Le pape François et la consolation
La Congrégation religieuse à laquelle j'appartiens a pour nom: "Les Oblats de la Vierge Marie". La Congrégation a été fondée en 1826 par le Père Bruno Lantéri (déclaré : "Vénérable"). Le Père Lantéri est décédé en 1830. Il a donc fondé la Congrégation au terme de sa vie, quatre ans avant de quitter ce monde. Bruno Lantéri a été formé dans sa jeunesse par un Père Jésuite nommé Joseph de Diessbach (son nom de baptême est: Niklaus-Albrecht von Diessbach). On peut dire que ce Père Jésuite a été le mentor de Bruno Lantéri qui a pratiquement tout appris de lui dans le domaine de l'apostolat. Le Père de Diessbach était un expert dans l'art de guider les Exercices spirituels de Saint Ignace (Ignace de Loyola, le fondateur des Jésuites) et grâce à lui, Bruno Lantéri est devenu à son tour expert dans l'art de donner cette forme de retraite ou de ressourcement. Durant toute sa vie, Bruno Lantéri a donné, guidé, enseigné les Exercices spirituels de Saint Ignace.

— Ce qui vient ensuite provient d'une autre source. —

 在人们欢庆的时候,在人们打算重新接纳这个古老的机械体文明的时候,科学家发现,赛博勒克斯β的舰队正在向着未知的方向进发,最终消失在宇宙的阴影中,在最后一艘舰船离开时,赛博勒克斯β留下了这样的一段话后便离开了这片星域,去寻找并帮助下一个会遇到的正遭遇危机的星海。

Le pape François est un Père Jésuite. Dans le texte ci-dessous, il s'adresse à ses confrères Jésuites, tout comme lui, et il emploie le mot "consolation" dans le sens où saint Ignace de Loyola l'emploie dans les exercices spirituels. Le mot "consolation" est ici un mot technique propre aux exercices spirituels de saint Ignace. Ignace est conscient que le retraitant qui vit les exercices spirituels, sera continuellement agité ou influencé par deux esprits: l'esprit du bien : l'Esprit Saint et l'esprit du mal: le démon. Le retraitant devra apprendre à discerner lequel des deux esprits veut l'influencer ou l'agite. C'est pour cette raison que nous disons quel les Jésuites sont des spécialistes du discernement.

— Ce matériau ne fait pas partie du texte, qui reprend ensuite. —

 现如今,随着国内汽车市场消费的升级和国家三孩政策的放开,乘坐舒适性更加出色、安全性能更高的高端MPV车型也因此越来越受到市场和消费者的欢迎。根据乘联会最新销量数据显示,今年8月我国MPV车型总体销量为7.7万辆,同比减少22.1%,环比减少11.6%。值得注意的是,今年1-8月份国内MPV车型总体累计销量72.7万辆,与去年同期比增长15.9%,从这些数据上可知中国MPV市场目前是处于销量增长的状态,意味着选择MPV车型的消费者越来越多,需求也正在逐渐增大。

Ignace de Loyola établit une règle assez générale: généralement, l'esprit qui nous invite ou nous pousse à être confiants, joyeux et en paix, c'est le bon esprit, c'est-à-dire l'Esprit Saint. Au contraire, l'esprit qui tente de nous décourager, de nous faire quitter immédiatement des décisions prises et de nous envelopper de tristesse ou de dégoût, est généralement le mauvais esprit, le diable. Je dis généralement, mais non pas dans tous les cas.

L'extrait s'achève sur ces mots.